**Task description:** Nothing but the lines from the one containing "Un fromage blanc" through the end of the entries below should appear in your answer, transcribed exactly; please drop the pictures.

#####

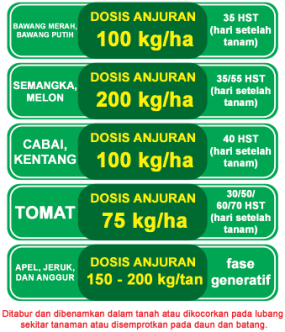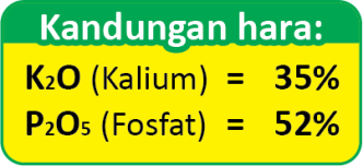 Merupakan pupuk majemuk dengan unsur hara Kalium dan Fosfat yang digunakan untuk tanaman, sayuran, palawija, dan buah-buahan.
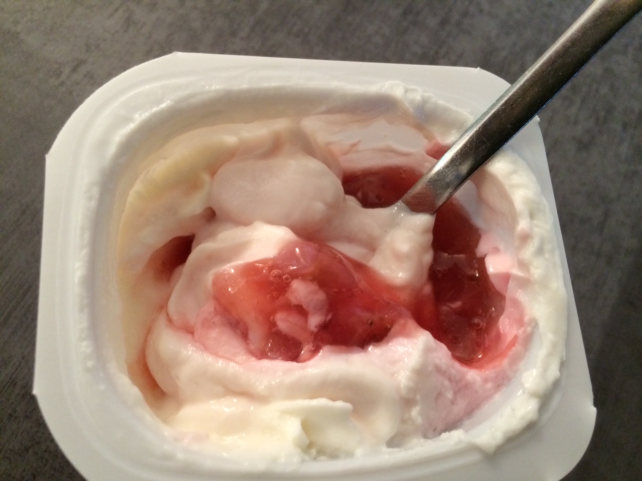 Un fromage blanc un peu compact a mélanger avec un coulis (fraises ici)
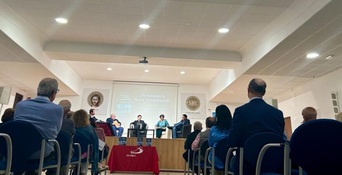 “¿Ha fracasado la Nueva Evangelización?”. Es la pregunta que, en forma de libro, lanza el delegado de Catequesis de la Archidiócesis de Madrid, Manuel María Bru. Publicado por San Pablo, el sacerdote presentó esta tarde la obra en el salón de actos de la parroquia San Juan de la Cruz, donde estuvo acompañado por el cardenal José Cobo Cano, arzobispo de Madrid, autor del prólogo del libro; Dolores García Pi, presidenta nacional del Foro de Laicos; el salesiano Santiago García Mourelo, profesor de la Universidad Pontificia Comillas; y Miguel Carmen Hernández, superior provincial de los paulinos y director general del Grupo San Pablo en España.
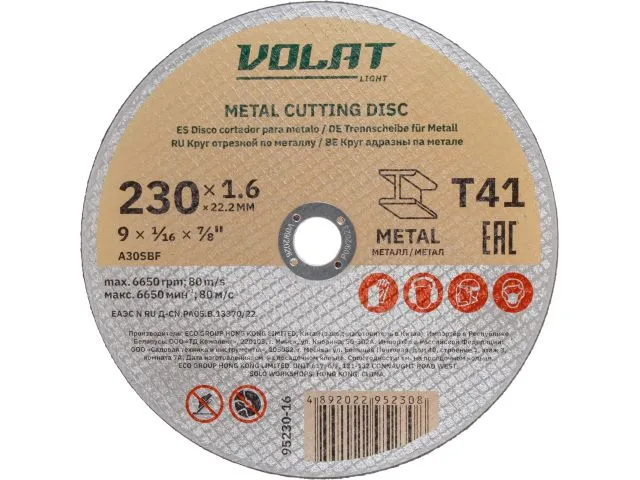 Круг отрезной 230х1.6x22.2 мм для металла ВОЛАТ LIGHT
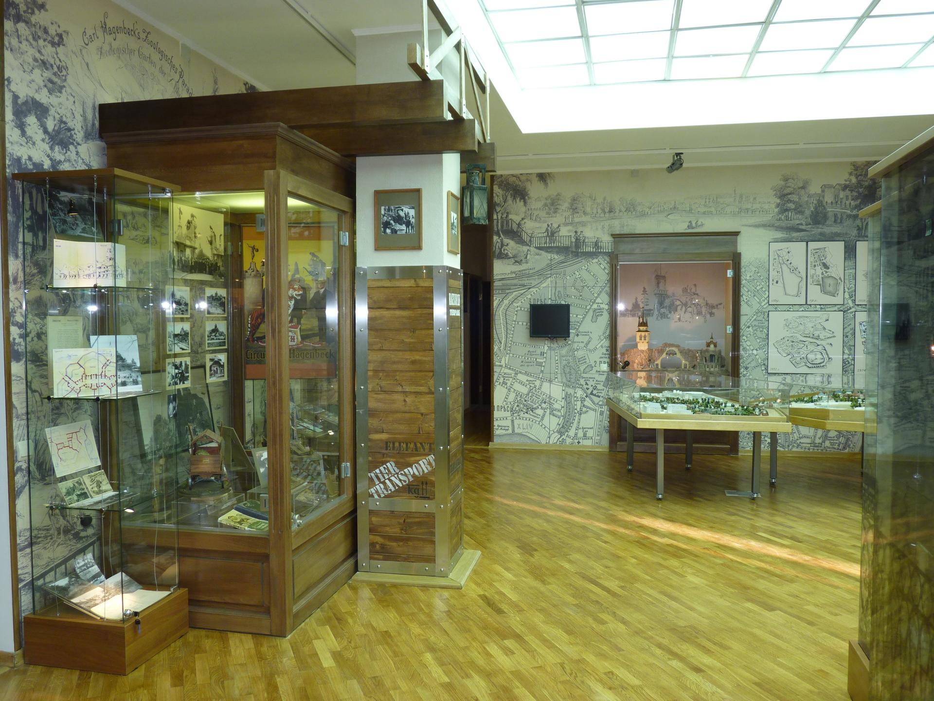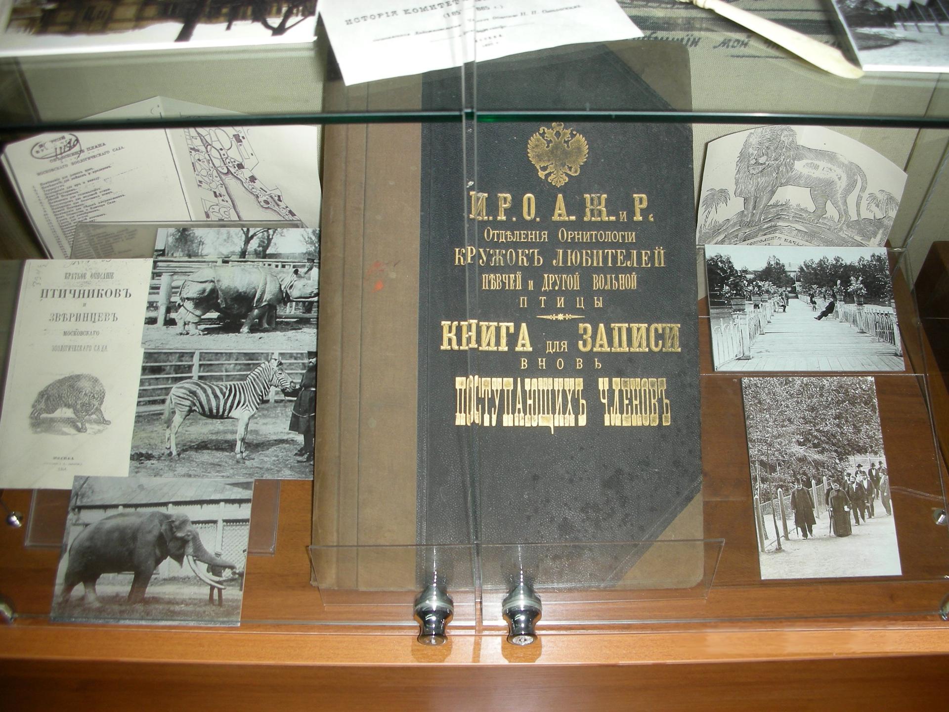 Значительная часть экспозиции посвящена главным вехам истории Московского зоопарка, представлена история и современное состояние научной, просветительской, ветеринарной, зоологической работы, история изменения условий содержания отдельных групп животных. Показаны достижения в размножении редких и проблемных видов животных, первые попытки их реинтродукции в природные биотопы, – эти виды деятельности зоопарков практически скрыты от внимания публики. Придя сюда на экскурсию, вы получите ответы на вопросы: «Какой зоопарк был самым первым?», «Кто придумал содержать животных не в клетках, а в просторных вольерах без решеток?», «Какими инструментами пользуются ветеринары зоопарка?», – и даже – «Как устроена кухня для зверей?».
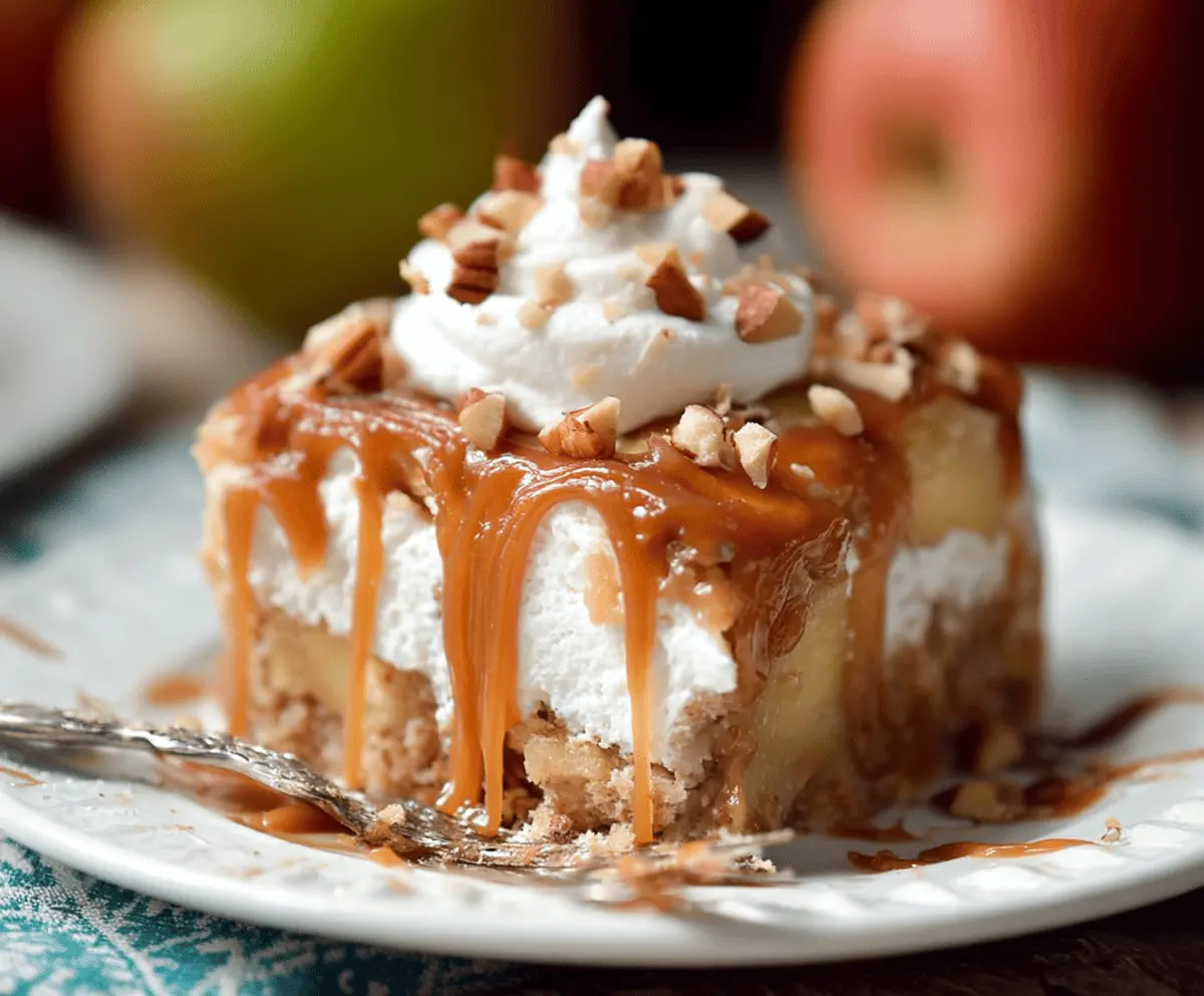 Finally, cut the cake into squares and serve it chilled or slightly warmed. Enjoy the delightful layers of flavors in this delicious Caramel Apple Poke Cake!

#####

**Output of the exercise:**
 Un fromage blanc un peu compact a mélanger avec un coulis (fraises ici)
 “¿Ha fracasado la Nueva Evangelización?”. Es la pregunta que, en forma de libro, lanza el delegado de Catequesis de la Archidiócesis de Madrid, Manuel María Bru. Publicado por San Pablo, el sacerdote presentó esta tarde la obra en el salón de actos de la parroquia San Juan de la Cruz, donde estuvo acompañado por el cardenal José Cobo Cano, arzobispo de Madrid, autor del prólogo del libro; Dolores García Pi, presidenta nacional del Foro de Laicos; el salesiano Santiago García Mourelo, profesor de la Universidad Pontificia Comillas; y Miguel Carmen Hernández, superior provincial de los paulinos y director general del Grupo San Pablo en España.
 Круг отрезной 230х1.6x22.2 мм для металла ВОЛАТ LIGHT
 Значительная часть экспозиции посвящена главным вехам истории Московского зоопарка, представлена история и современное состояние научной, просветительской, ветеринарной, зоологической работы, история изменения условий содержания отдельных групп животных. Показаны достижения в размножении редких и проблемных видов животных, первые попытки их реинтродукции в природные биотопы, – эти виды деятельности зоопарков практически скрыты от внимания публики. Придя сюда на экскурсию, вы получите ответы на вопросы: «Какой зоопарк был самым первым?», «Кто придумал содержать животных не в клетках, а в просторных вольерах без решеток?», «Какими инструментами пользуются ветеринары зоопарка?», – и даже – «Как устроена кухня для зверей?».
 Finally, cut the cake into squares and serve it chilled or slightly warmed. Enjoy the delightful layers of flavors in this delicious Caramel Apple Poke Cake!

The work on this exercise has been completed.